|
Morante, privilegio y maravilla. De capa y muleta. Con un noble toro de Juan Pedro Domecq, consentido, afortunado. La antología del toreo a la verónica y a la manera de Morante. Encaje del cuerpo, asiento natural, como si estuviera posado el torero.
Sólo en el saludo, recién fijado el toro de salida, ya estuvo el diestro en el mismo platillo. Ahí se trajo al toro en un sutil toque con el vuelo y dibujó a pulso. Uno, dos, tres, cuatro y cinco lances a la verónica de muy feliz compás por lo despacioso. De precisión sorprendente. Dos medias rumbosas fueron sello adecuado.

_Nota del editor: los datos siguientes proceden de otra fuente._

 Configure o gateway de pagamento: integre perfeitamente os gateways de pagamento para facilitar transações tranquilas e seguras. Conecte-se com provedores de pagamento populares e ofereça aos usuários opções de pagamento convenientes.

El clamor fue indescriptible. Eso era lo que había venido a ver la inmensa mayoría. Morante llevó el toro al caballo galleando por chicuelinas, cuatro. Todos los lances vinieron subrayados por su correspondiente clamor. Luego fueron cuatro las verónicas del manojo y, a pies juntos, media de seco salero. Aún quedaba de postre un supino quite de regalo a tercio cambiado. Dos chicuelinas de lento giro y envueltas como quien pliega un pañuelo. Entonces se puso de pie la gente, tiraron flores al ruedo y pidieron a Morante que diera la vuelta al ruedo. Ese toro de tanta música se lo brindó Morante a la actriz Paz Vega, sentada en una barrera. Bellísima.
La faena fue natural, saboreada, compendio de improvisación, compás, clásica pureza, temple, ingenio, gracia, sensibilidad, entrega, hondura. La escuela sevillana, el llamado toreo eterno. Una riqueza apabullante.

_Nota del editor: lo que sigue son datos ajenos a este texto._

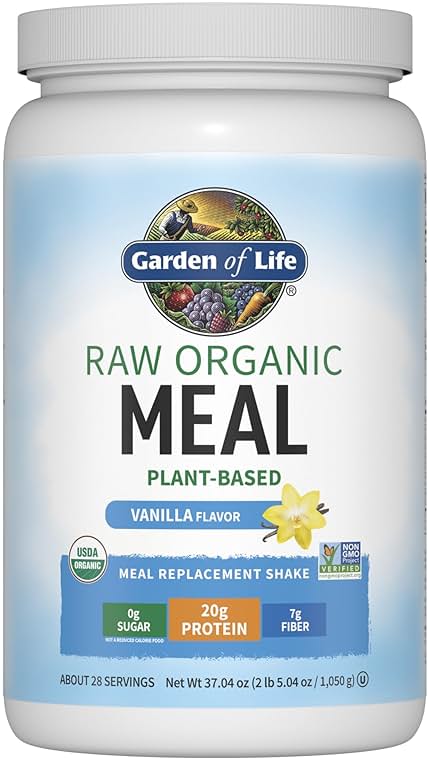 Garden of Life Meal Replacement Shakes, Raw Organic, Vanilla Protein Powder with Plant Based Pea Protein, Sprouts, Greens, Probiotics, Dairy Free 28 Servings

Aplomado, el toro se empezó a resistir. Hubo un desarme y no dejó a Morante pasar con la espada. La estocada entró al segundo viaje. Cuando dobló el toro, sonó el aviso más impertinente de la feria. Una oreja. Una vuelta al ruedo de natural torería. Fue, en fin, un «¡y ahí queda eso!» en toda regla.
Fue la alternativa de Rubén Pinar y la primera de las dos apariciones anunciadas de Manzanares en Madrid este año. Pero sus faenas no lucieron y fueron contestadas con silencio.